#  > Petroleum Industry Zone >  > Mechanical Engineering >  >  >  ASNT Series - NDT Handbooks

## mnthiraviam

Hi there, I just found the VOL-4 Radiography Testing Handbook [ASNT Series]

**[link Point to another website Only the registered members can access]
*link*




<![CDATA[[Only Registered And Activated Users Can See Links]

If anybody having other handbooks, please share...


NDT Handbook, third edition
Vol. 1, Leak Testing
Vol. 2, Liquid Penetrant Testing
Vol. 3, Infrared and Thermal Testing
Vol. 4, Radiographic Testing
Vol. 5, Electromagnetic Testing


Vol. 6, Acoustic Emission Testing
Vol. 7, Ultrasonic Testing
Vol. 8, Magnetic Testing
Vol. 9, Visual Testing 
Vol. 10, NDT Overview (future volume)See More: ASNT Series - NDT Handbooks

----------


## vfq3481

Link expired or unavailable.
Please send to ve_f1976@hotmail.com.
I've Vol.9 - Visual Testing.
Thanks in advance!

----------


## mnthiraviam

> Link expired or unavailable.
> Please send to ve_f1976@hotmail.com.
> I've Vol.9 - Visual Testing.
> Thanks in advance!




Hi.. Please upload the volume 9

Link expired.. I am re-uploading it in 4shared....

----------


## mnthiraviam

> Link expired or unavailable.
> Please send to ve_f1976@hotmail.com.
> I've Vol.9 - Visual Testing.
> Thanks in advance!




4SHARED LINK:
**[link Point to another website Only the registered members can access]
*link*




<![CDATA[[Only Registered And Activated Users Can See Links]

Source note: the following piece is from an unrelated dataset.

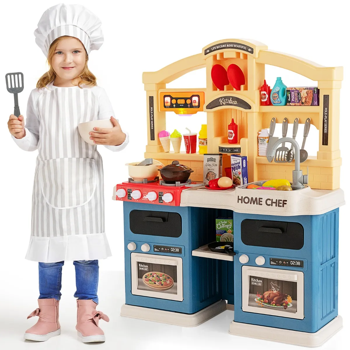 Onze kinderkookset bevat 2 fantasiepannen met lichteffecten, stoom- en kookfuncties voor een realistische ervaring. De kap is voorzien van verlichting, geluidseffecten en muziek. De kraan en de gootsteen zorgen voor stromend water voor het wassen van voedsel, en met 69 realistische accessoires kunnen ze koken als een echte chef-kok. Aan de haken en schotelmandjes kunnen ze verschillend speelgoed opbergen. Ze kunnen met plezier koken en hun vaardigheden en verbeeldingskracht ontwikkelen. Voor extra veiligheid is elke hoek en rand gepolijst.

Please upload VOLUME 9....... Thanx

----------


## vfq3481

Excellent!
I'm uploading the file.
I think is not the latest edition.

----------


## vfq3481

Try this link:

**[link Point to another website Only the registered members can access]
*link*




<![CDATA[[Only Registered And Activated Users Can See Links]

----------


## pipits1984

thank you very much for these! if anyone has any more asnt handbooks, please share!

----------


## selmagis

Thanks a lot for every item in this Series.

 :Tears Of Joy:

----------


## sumon emam

> Try this link:
> 
> **[link Point to another website Only the registered members can access]
> *link*
> 
> 
> 
> 
> <![CDATA[[Only Registered And Activated Users Can See Links]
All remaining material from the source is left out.